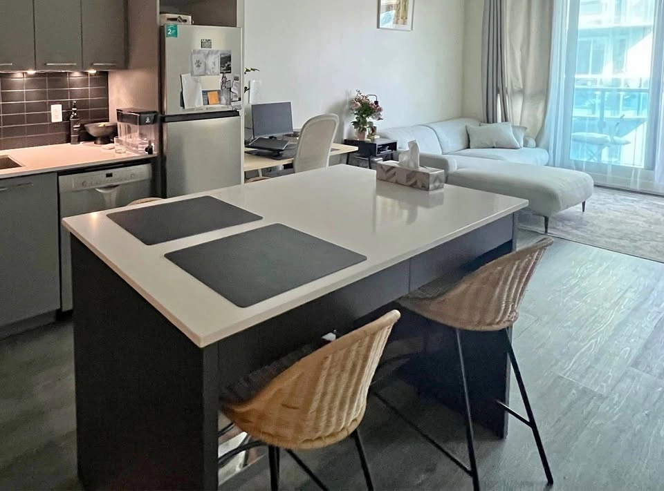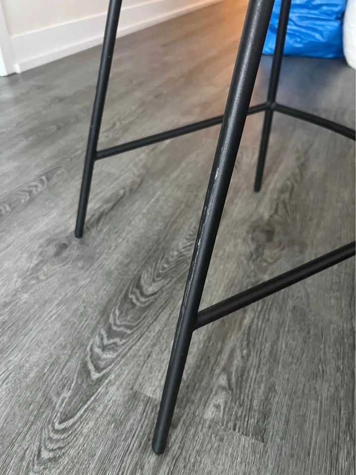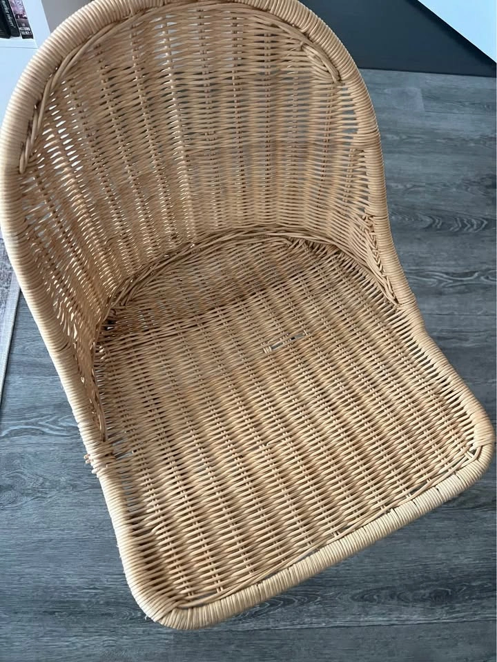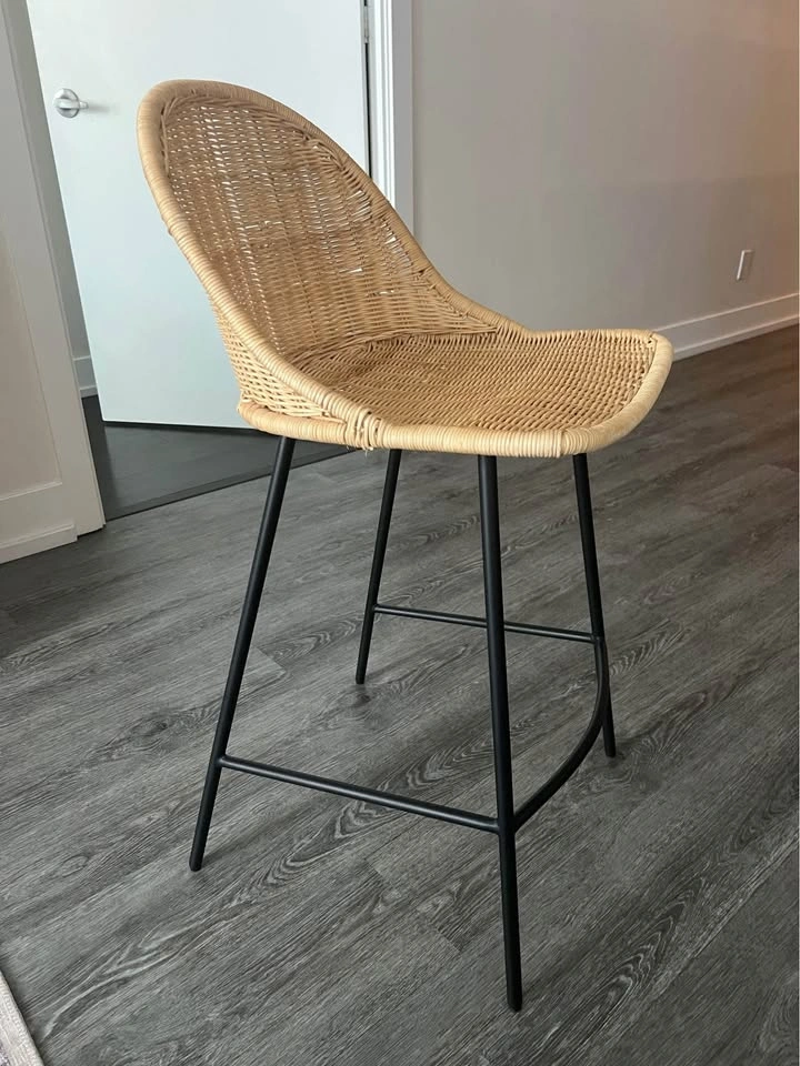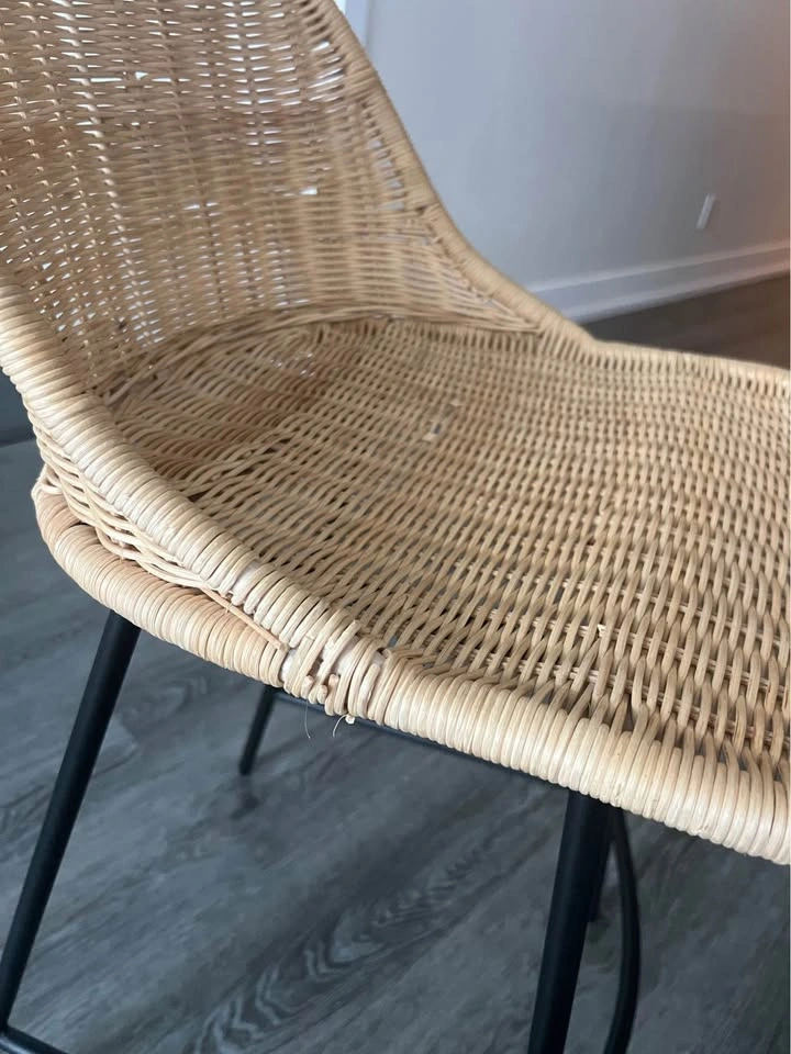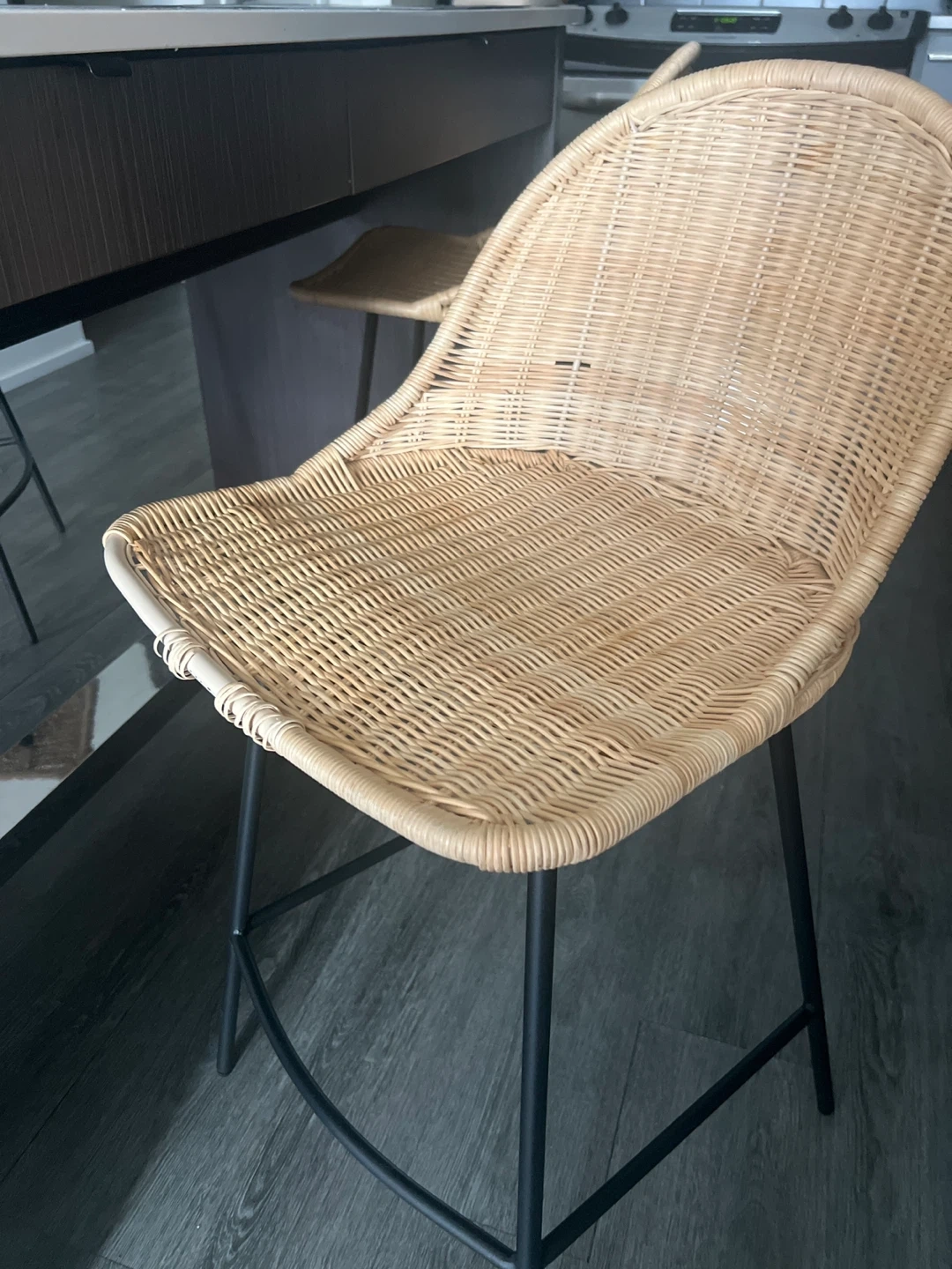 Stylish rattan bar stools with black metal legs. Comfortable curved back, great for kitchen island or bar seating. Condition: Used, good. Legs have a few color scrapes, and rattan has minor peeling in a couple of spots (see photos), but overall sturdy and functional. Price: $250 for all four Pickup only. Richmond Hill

:::

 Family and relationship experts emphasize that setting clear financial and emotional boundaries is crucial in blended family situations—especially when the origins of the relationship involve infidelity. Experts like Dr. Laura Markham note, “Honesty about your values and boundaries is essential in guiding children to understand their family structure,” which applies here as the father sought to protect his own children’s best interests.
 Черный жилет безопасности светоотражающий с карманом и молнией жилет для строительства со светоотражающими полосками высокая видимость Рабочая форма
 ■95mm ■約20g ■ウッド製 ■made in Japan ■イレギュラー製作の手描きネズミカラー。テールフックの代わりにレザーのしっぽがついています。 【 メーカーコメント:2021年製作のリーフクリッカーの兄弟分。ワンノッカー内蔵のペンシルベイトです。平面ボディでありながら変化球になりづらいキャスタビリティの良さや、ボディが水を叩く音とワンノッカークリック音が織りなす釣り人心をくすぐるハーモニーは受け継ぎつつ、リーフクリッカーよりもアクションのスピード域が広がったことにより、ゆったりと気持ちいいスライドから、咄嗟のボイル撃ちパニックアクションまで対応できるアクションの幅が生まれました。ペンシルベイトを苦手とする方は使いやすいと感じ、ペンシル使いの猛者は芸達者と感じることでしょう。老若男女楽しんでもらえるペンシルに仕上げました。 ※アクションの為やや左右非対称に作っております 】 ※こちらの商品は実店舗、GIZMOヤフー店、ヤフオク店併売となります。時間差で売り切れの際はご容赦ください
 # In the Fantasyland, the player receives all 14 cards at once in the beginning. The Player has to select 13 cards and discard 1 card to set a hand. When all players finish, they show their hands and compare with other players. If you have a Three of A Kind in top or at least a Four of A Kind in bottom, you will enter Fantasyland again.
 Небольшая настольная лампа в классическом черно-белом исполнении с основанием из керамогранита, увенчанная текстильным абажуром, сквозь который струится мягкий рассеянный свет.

:::

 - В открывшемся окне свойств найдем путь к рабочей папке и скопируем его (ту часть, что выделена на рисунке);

:::

__WHAT THE TASK ASKS__.
The range runs from the line with "in Japan ■イレギュラー製作の手描きネズミカラー。テールフックの代わりにレザーのしっぽがついています。" up to and including the line with "# In the Fantasyland, the" in the listing above; please write out exactly those lines and nothing more.

__SOLUTION FOR THIS EXERCISE__.
 ■95mm ■約20g ■ウッド製 ■made in Japan ■イレギュラー製作の手描きネズミカラー。テールフックの代わりにレザーのしっぽがついています。 【 メーカーコメント:2021年製作のリーフクリッカーの兄弟分。ワンノッカー内蔵のペンシルベイトです。平面ボディでありながら変化球になりづらいキャスタビリティの良さや、ボディが水を叩く音とワンノッカークリック音が織りなす釣り人心をくすぐるハーモニーは受け継ぎつつ、リーフクリッカーよりもアクションのスピード域が広がったことにより、ゆったりと気持ちいいスライドから、咄嗟のボイル撃ちパニックアクションまで対応できるアクションの幅が生まれました。ペンシルベイトを苦手とする方は使いやすいと感じ、ペンシル使いの猛者は芸達者と感じることでしょう。老若男女楽しんでもらえるペンシルに仕上げました。 ※アクションの為やや左右非対称に作っております 】 ※こちらの商品は実店舗、GIZMOヤフー店、ヤフオク店併売となります。時間差で売り切れの際はご容赦ください
 # In the Fantasyland, the player receives all 14 cards at once in the beginning. The Player has to select 13 cards and discard 1 card to set a hand. When all players finish, they show their hands and compare with other players. If you have a Three of A Kind in top or at least a Four of A Kind in bottom, you will enter Fantasyland again.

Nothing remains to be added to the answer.